***** RECORDS FOR THIS EXERCISE *****

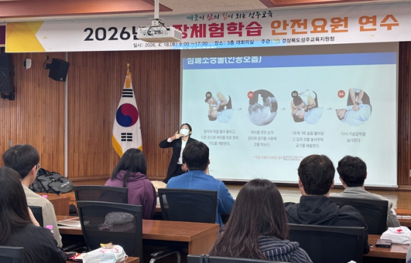 [고타야뉴스=이은희기자]성주교육지원청은 4월 18일 관내 초·중·고등학교 교사 30명을 대상으로 현장체험학습 운영의 안전 역량을 강화하기 위해 `2026년 현장체험학습 안전요원 연수`를 실시했다.
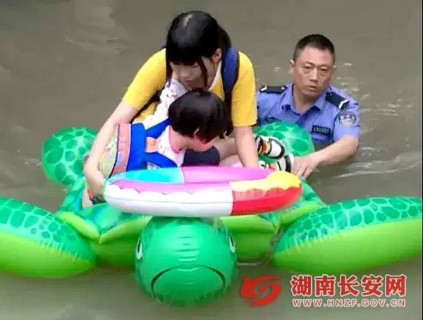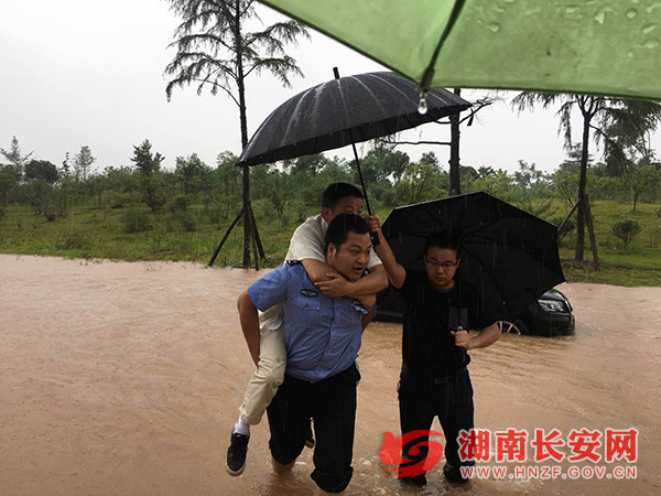 长沙县公安局榔梨派出所一楼全部被淹,民警们用小板凳搭起移动接警台,划着皮艇处警救援。长沙县副县长、公安局长彭迟平夙夜辗转春华、黄兴等地,指挥警力全面开展排隐患、保畅通、抗洪灾、救群众等工作。
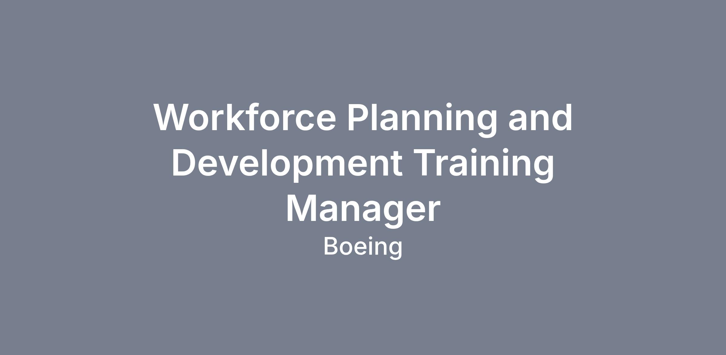 The Boeing CompanyThe Boeing Company’s BCA Production System Training organization is currently seeking a Workforce Planning and Development Training Manager to join our team at the ESRC in Everett, WA.
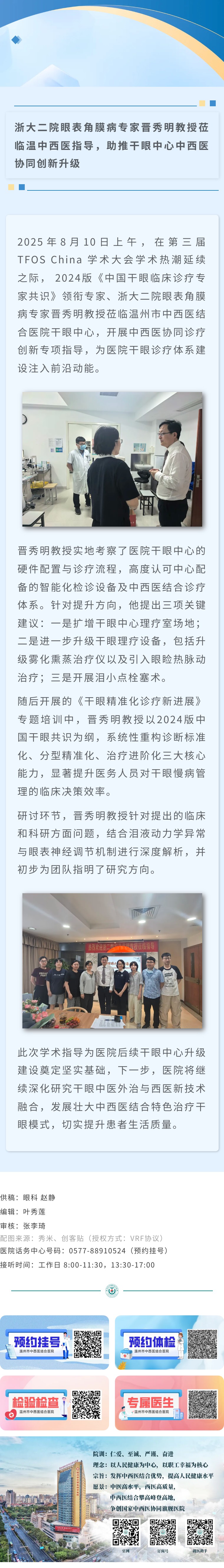 浙大二院眼表角膜病专家晋秀明教授莅临温中西医指导,助推干眼中心中西医协同创新升级
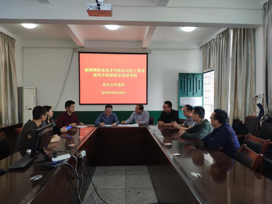 2019年5月9日,闽都职业培训学校詹校长携带相关人员于上午来我校新校区实训室参观。我系佘明辉主任全程陪同一行人参观,并讲解共建实训室的意见和建议。
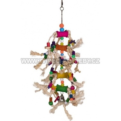 Aktivní hračka pro střední papoušky. Připevňuje se snadno ke kleci, pomocí karabinky se šroubovacím zavíráním. Hračka obsahuje: dřevěnné části, pletené míčky a zvoneček. ...
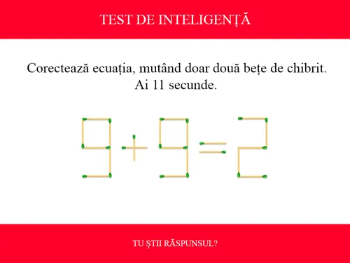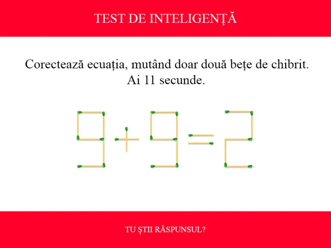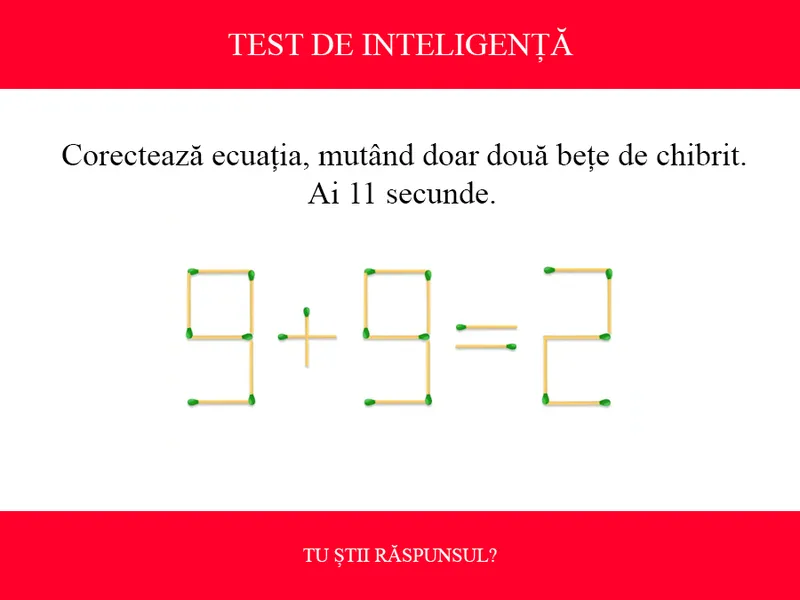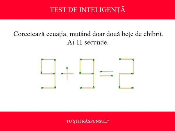 TEST DE INTELIGENȚĂ Corectează ecuația 9+9=2, mutând doar două chibrituri. Ai 11 secunde
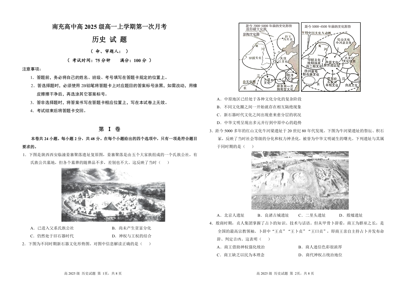 高一历史--四川省南充高级中学2025-2026学年高一上学期10月月考
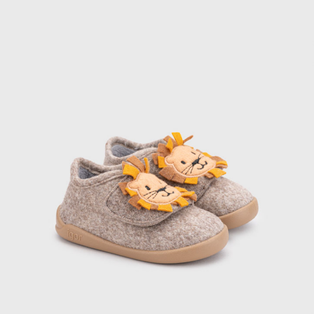 Zapatilla de estar por casa para niños y niñas con detalle de león, de concepto barefoot, cero drop, flexible y blandita, fabricada en un tejido súper blandito, calentito y suave.
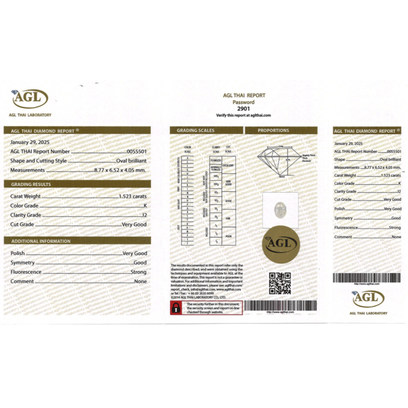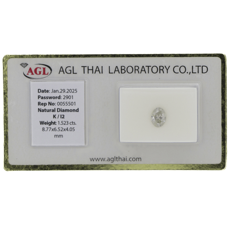 Oval Brilliant Cut, K Colour, I2 Clarity, Loose, Unset. Stone Comes Sealed With Agl Report: 0055501.
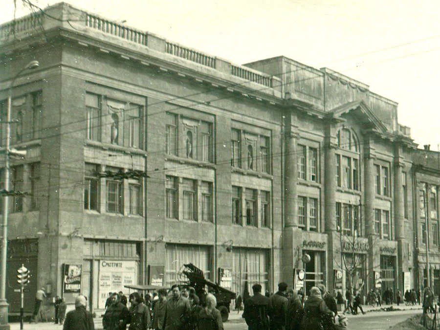 Дом Экономического общества и гарнизонного собрания офицеров ОВО. Архитекторы Т. А. Янчис, С. И. Рудницкий, В. И. Кундерт (1907-1911 гг.). В 1920-х годах в нем создан Дом Красной армии и флота. Существует версия, что после захвата города в здании разместились оккупационные войска и перед своим бегством разорили и подожгли этот дворец культуры. По другой версии в здании разместились фашисты и в январе 1942 года подпольщики его взорвали. Перекрытия не выстояли, но внешние стены остались целыми. В 1958-1962 годах архитекторами П. В. Глазуновой и Л. А. Краковской было проведено восстановление и реконструкция здания для многозального кинотеатра «Одесса».
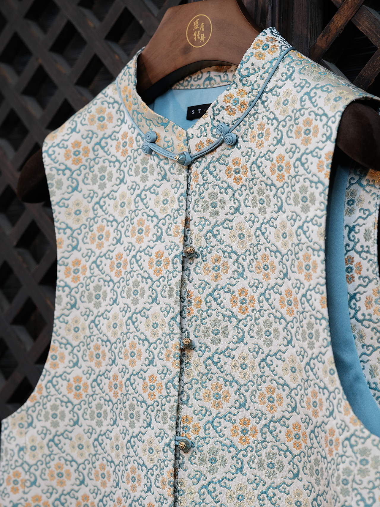 盛唐婧 |好运莲莲新中式宋锦对襟马甲
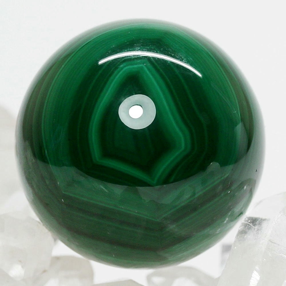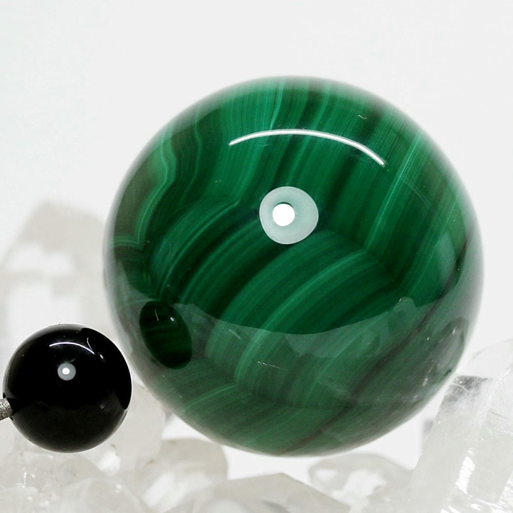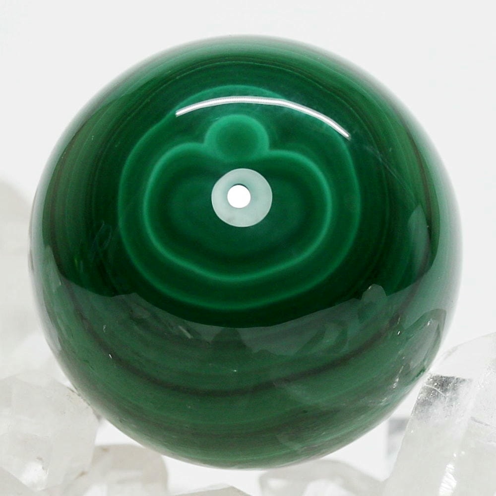「孔雀石」とも呼ばれるマラカイトは、微結晶が折り重なり緑の濃淡(条痕)が縞模様となる美しい天然石で、研磨した際に現れる円状の模様は丸玉ごとに全く違う表情を持っています。

*****

**PROBLEM DESCRIPTION:** Each record should be written out exactly, and each image should be omitted.

**OUTPUT OF THE TASK:**
 [고타야뉴스=이은희기자]성주교육지원청은 4월 18일 관내 초·중·고등학교 교사 30명을 대상으로 현장체험학습 운영의 안전 역량을 강화하기 위해 `2026년 현장체험학습 안전요원 연수`를 실시했다.
 长沙县公安局榔梨派出所一楼全部被淹,民警们用小板凳搭起移动接警台,划着皮艇处警救援。长沙县副县长、公安局长彭迟平夙夜辗转春华、黄兴等地,指挥警力全面开展排隐患、保畅通、抗洪灾、救群众等工作。
 The Boeing CompanyThe Boeing Company’s BCA Production System Training organization is currently seeking a Workforce Planning and Development Training Manager to join our team at the ESRC in Everett, WA.
 浙大二院眼表角膜病专家晋秀明教授莅临温中西医指导,助推干眼中心中西医协同创新升级
 2019年5月9日,闽都职业培训学校詹校长携带相关人员于上午来我校新校区实训室参观。我系佘明辉主任全程陪同一行人参观,并讲解共建实训室的意见和建议。
 Aktivní hračka pro střední papoušky. Připevňuje se snadno ke kleci, pomocí karabinky se šroubovacím zavíráním. Hračka obsahuje: dřevěnné části, pletené míčky a zvoneček. ...
 TEST DE INTELIGENȚĂ Corectează ecuația 9+9=2, mutând doar două chibrituri. Ai 11 secunde
 高一历史--四川省南充高级中学2025-2026学年高一上学期10月月考
 Zapatilla de estar por casa para niños y niñas con detalle de león, de concepto barefoot, cero drop, flexible y blandita, fabricada en un tejido súper blandito, calentito y suave.
 Oval Brilliant Cut, K Colour, I2 Clarity, Loose, Unset. Stone Comes Sealed With Agl Report: 0055501.
 Дом Экономического общества и гарнизонного собрания офицеров ОВО. Архитекторы Т. А. Янчис, С. И. Рудницкий, В. И. Кундерт (1907-1911 гг.). В 1920-х годах в нем создан Дом Красной армии и флота. Существует версия, что после захвата города в здании разместились оккупационные войска и перед своим бегством разорили и подожгли этот дворец культуры. По другой версии в здании разместились фашисты и в январе 1942 года подпольщики его взорвали. Перекрытия не выстояли, но внешние стены остались целыми. В 1958-1962 годах архитекторами П. В. Глазуновой и Л. А. Краковской было проведено восстановление и реконструкция здания для многозального кинотеатра «Одесса».
 盛唐婧 |好运莲莲新中式宋锦对襟马甲
「孔雀石」とも呼ばれるマラカイトは、微結晶が折り重なり緑の濃淡(条痕)が縞模様となる美しい天然石で、研磨した際に現れる円状の模様は丸玉ごとに全く違う表情を持っています。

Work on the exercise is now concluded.